Be patient and supportive. My other son is playing college ball and when I asked the music major if he regrets his decision, he said that he sometimes wonders what could have been, but he loves what he is now doing.

Good luck.
CoachRobert,

I know it's hard sometimes in that what we hope for our children and what they want for their own future needs to be reconciled.

Sometimes I wonder if all the training, the preparing, the practice, the drills, the select teams, the money, the travel, and the heartache is all just staving off the inevitable. But to heck with it! You'll always have the memories of your time together as father and son. In the end it was not lost time.

Good luck to you and your son in the future.
Last edited by Bum
Sometimes when players step away from the game for awile. It recharges there passion for the game.
They come back with a burning desire to perform higher then they ever thought they could.
Then it truely becomes there Dream.
Its much easier to step away as a Junior and come back.
Its the players that stop at age 9 to 12 and try to come back to make the HS Team that have a hard time cutting it.
Coach Robert may I ask you a question?
Are you your sons HS coach?
Not that it should make a differance, But sometimes it does.
And it has nothing to do with you.
He could feel extra added pressure to perform.
Are he's getting some Flak from his peers.
Anyway good luck to you and son.
There is life after baseball.
EH
Thanks for the kind words and support.

I am not his HS coach, coached him up through 12u with 3 world series tourneys. He then played 13u for a "real" coach & program then went straight to HS due to late birthday.

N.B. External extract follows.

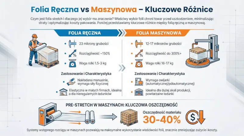 Jakie są główne różnice między folią stretch ręczną a maszynową?

His 13U, freshman, jv coach (5a school)AND his club coaches eached singled him out at varius times as a team player who gave it everything, lots of "heart". It was the same each year, started out on the bench and was starting or in pitching rotation by the end of each season.

Then last fall he had a chance to switch to a private school with great baseball program (could possibly have started on varsity) but pulled out at the last minute to stay with public school, and did not re-up with the club team.

We let him make the choices and the downside of that is he often choses the opposite of what we hoped.

Sorry about the length here, maybe he will change his mind over the summer but I would not place money on that.
Last edited by CoachRobert
quote:
Originally posted by AcademyDad:
Some things just can't get squeezed out of the blood...

cadDAD


Like the home platelets?


And CoachRobert...you certainly don't have to apologize to me concerning the length of your post...I love words and have no sense...of limits!

I do hope that your son finds the game again...from your description he has much to be proud of and has earned much respect and confidence. Won't you please let us know how things work out?
Last edited by gotwood4sale
Your post starts with "game over" but it is actually just beginning. Do I know what it is like to be a dad whose son has just left the game, no way I'm a mom. Many of these post talk about the memories and the closeness that you have gained with your son through the game of baseball. What a joy, but imagine the new experiences that you will have as well. This is an extension of your relationship. You can sit back and look at the man he is becoming and be proud of what both of you have accomplished. You will also be proud of the man he has proven to be when he told your wife he did not want to play any longer. It took guts to say that, knowing your love and passion for the game. As a teacher I know that all children strive to please their parents (although sometimes we do wonder)and your son had to tell you something that he knew you would not be pleased to hear. You and your wife have raised a confident young man. Now you have the opportunity to show him the respect that it is obvious that you have for him and his decision. It is apparent from your original post. I am not sure my husband would have handled as well as you have. We have all gained so much from our children playing this game and I thank god daily for the opportunity and immediatly after that I thank my sons for a great ride.